The calculations show that in total, there were 2,209 loans made from the library, Gather to 22,135 days borrowed. Among these, 613 loans were returned late, resulting in a total of 2,144 days overdue.

## **a) The average number of days that a book was borrowed.**

### ***calculating the average number of days a book was borrowed across all loans, rather than for each individual book.***

In [69]:
import csv
import datetime

# Function to convert Excel serial date to Python datetime object
def serial_date_to_datetime(serial_date):
    excel_epoch = datetime.datetime(1899, 12, 30)
    return excel_epoch + datetime.timedelta(days=serial_date)

# Path to the CSV file
csv_path = '/content/bookloans (1).csv'

# Initialize variables for calculations
total_days_borrowed = 0
total_loans = 0

# Read CSV file
with open(csv_path, mode='r') as file:
    reader = csv.reader(file)
    next(reader)  # Skip the header row

    for row in reader:
        # Convert the date columns
        date_of_loan = serial_date_to_datetime(int(row[2]))
        date_of_return = serial_date_to_datetime(int(row[3]))

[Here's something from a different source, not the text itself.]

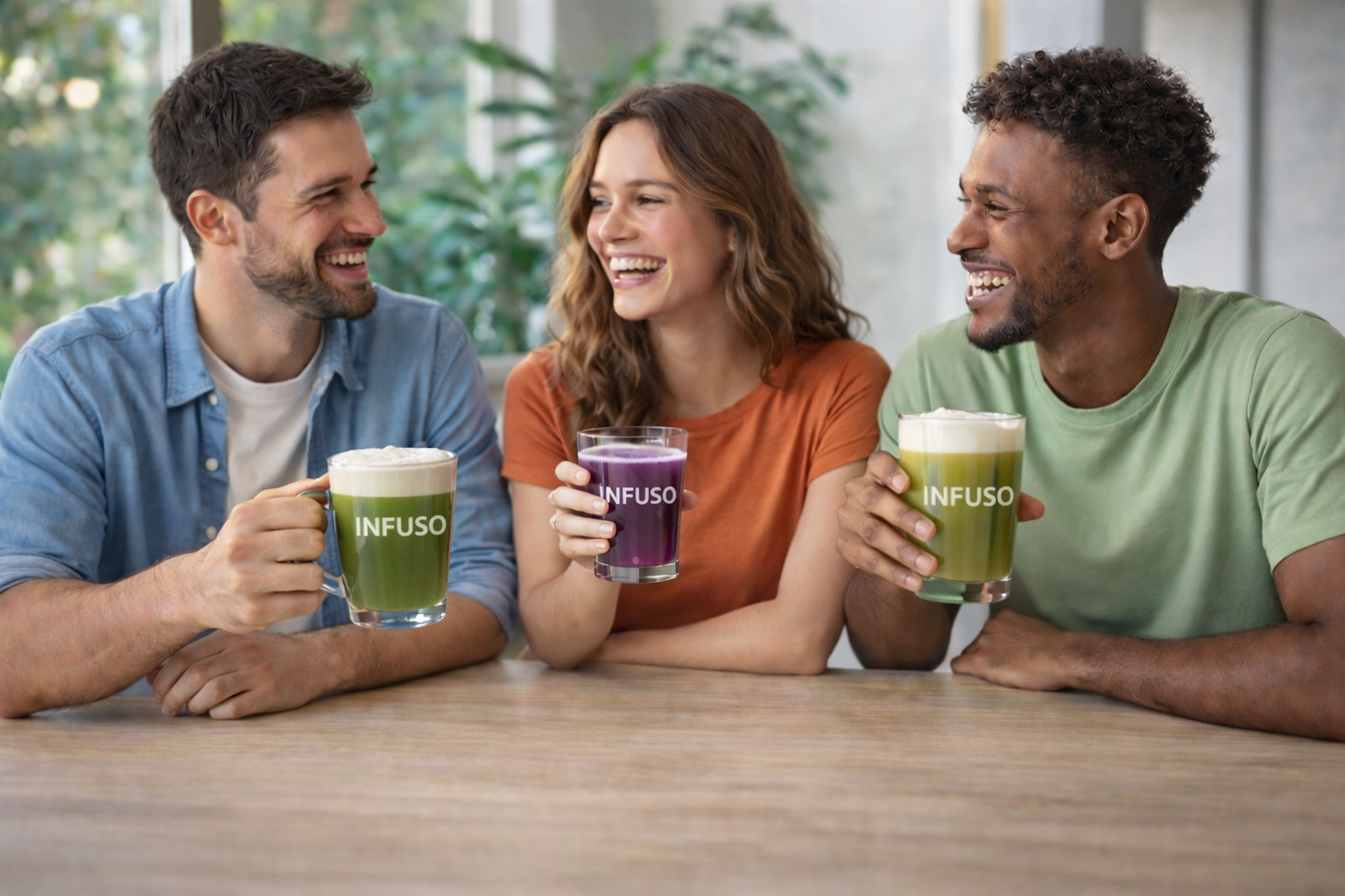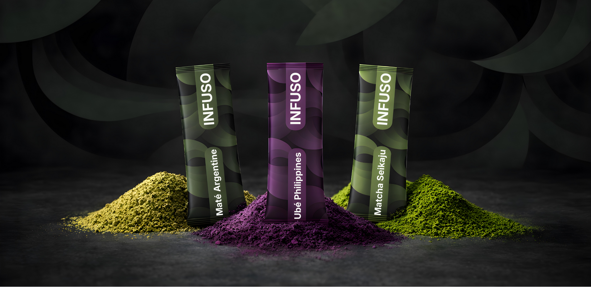 Matcha, Maté et Ube, sélectionnés pour leurs saveurs et leurs usages complémentaires, en format stick.

        # Calculate days borrowed, ensure no negative days
        days_borrowed = (date_of_return - date_of_loan).days
        days_borrowed = max(days_borrowed, 0)  # No negative days

        # Update totals
        total_days_borrowed += days_borrowed
        total_loans += 1

# Calculate the average days borrowed
average_days_borrowed = total_days_borrowed / total_loans if total_loans > 0 else 0

# Output the results
print("\033[1mAverage days a book was borrowed:\033[0m", average_days_borrowed)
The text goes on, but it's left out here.